PMCID: PMC12919621  PMID: 41726438

Abstract

We present an embedding-based retrieval system that automatically directs physician clinical questions to the most relevant specialist-curated question template, which is necessary for the specialist to provide a clinically relevant response. The system utilizes MPNet, a transformer-based model, to generate dense vector representations of both clinical queries and 24 predefined clinical templates. Given a clinical question, the system computes cosine similarity between the query and template embeddings to retrieve the most relevant matches. When validated against real-world, retrospective eConsults across five specialties, the system accurately identified the most relevant template in 87% of cases (success@1) and included it in the top three results 99% of the time (success@3). Automating specialty selection and clinical question referrals reduces the administrative burden on physicians, minimizes care delivery delays, and improves specialist responses by providing proper context.

Introduction

Specialty referral management remains a persistent challenge in healthcare systems worldwide.
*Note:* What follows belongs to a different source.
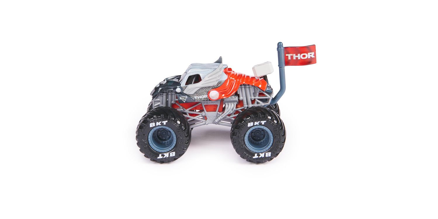 Step into the action-packed universe where Monster Jam roars and Marvel superheroes soar. The 1:64 scale die-cast Marvel Monster Jam truck series isn’t just a collection. It’s a high-octane homage to the Marvel Universe. These monster trucks, emblazoned with the symbols and colours of icons such as Thor, Captain America, Iron Man, Black Panther and Spider-Man, bring home the spectacle of superpowers and stadium stunts. Boasting authentic BKT tyres and a hero-themed body, these trucks capture the excitement of Monster Jam events and the essence of the superheroes they represent. The superhero collection allows children to recreate stunts and breath-taking jumps, bringing the Monster Jam action home. These toys are designed for both play and display, igniting imaginations and enabling storytelling with each spin of the wheels. Ideal for young fans, the Marvel Monster Jam trucks are a catalyst for creativity, heroism and adventure, allowing kids to craft their own narratives of courage and resilience. Rev up those engines and prepare for a playtime that’s nothing short of epic — where heroes meet horsepower and the Monster Jam action never ends.

Studies indicate that approximately 7.8% to 22 % of referrals are “clinically inappropriate,” equating to an average of 42 mismatched patients per specialist per year and totaling 19.7 million inappropriate referrals annually in the United States15. These misdirected referrals can lead to significant treatment delays, adversely affecting patient outcomes6. Such delays can also exacerbate medical conditions, leading to more severe health issues and increased healthcare costs.
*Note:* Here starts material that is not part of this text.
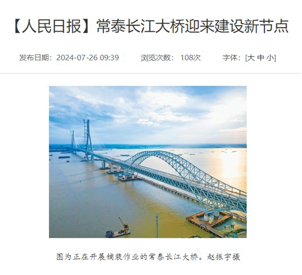 常泰大桥近日迎来了项目新突破——

Several studies have addressed this issue and proposed solutions to improve the referral process. For instance, Ramelson et al. demonstrated that implementing an enhanced referral management system within an electronic health record (EHR) can significantly improve the efficiency and completion rates of referrals, particularly for in-network referrals7. In pediatric care, O’Dwyer et al. examined the impact of eConsult technology on specialty referral efficiency. Their findings indicated that refining referral management systems and integrating eConsult solutions into existing clinical workflows could significantly improve the timeliness and quality of specialty care, particularly in under-resourced settings8.Current referral management relies heavily on manually curated pathways and guidelines that quickly become outdated as clinical evidence and institutional practices evolve. A survival analysis of clinical guidelines in the Spanish National Health System revealed that approximately 22.1% of recommendations became outdated within four years, with 92% remaining valid after one year, decreasing to 77.8% after four years9.

Early attempts to automate specialty selection relied on regular expressions (regex) to identify key terms in referral text10,11. While regex is effective for recognizing predefined patterns—such as structured medical codes or specific trigger phrases—it lacks the flexibility to understand clinical context, leading to high false-positive rates. Villena et al. evaluated a regex-based system for specialty triage in the Chilean public healthcare system and reported a Mean Average Precision (MAP) score of 0.63 at the subcategory level and 0.83 at the category level10. Natural Language Processing (NLP) models improve upon regular expressions by recognizing entities based on language patterns and context, making them more versatile in identifying data types12,13. Unlike regex-based approaches, which rely on rigid pattern-matching rules, NLP models leverage machine learning techniques to extract meaningful relationships from unstructured text. However, automating specialty selection using NLP presents significant challenges due to the inherent complexity and variability of clinical language, which makes it difficult for NLP models to accurately interpret and categorize information14,15. Traditional classification methods often fail to accurately connect clinical questions with the right medical specialties, leading to misclassifications that delay care and waste resources. Moreover, variations in documentation practices across healthcare institutions hinder the development of standardized NLP solutions for specialty selection, resulting in the limited effectiveness of these approaches in different clinical settings16.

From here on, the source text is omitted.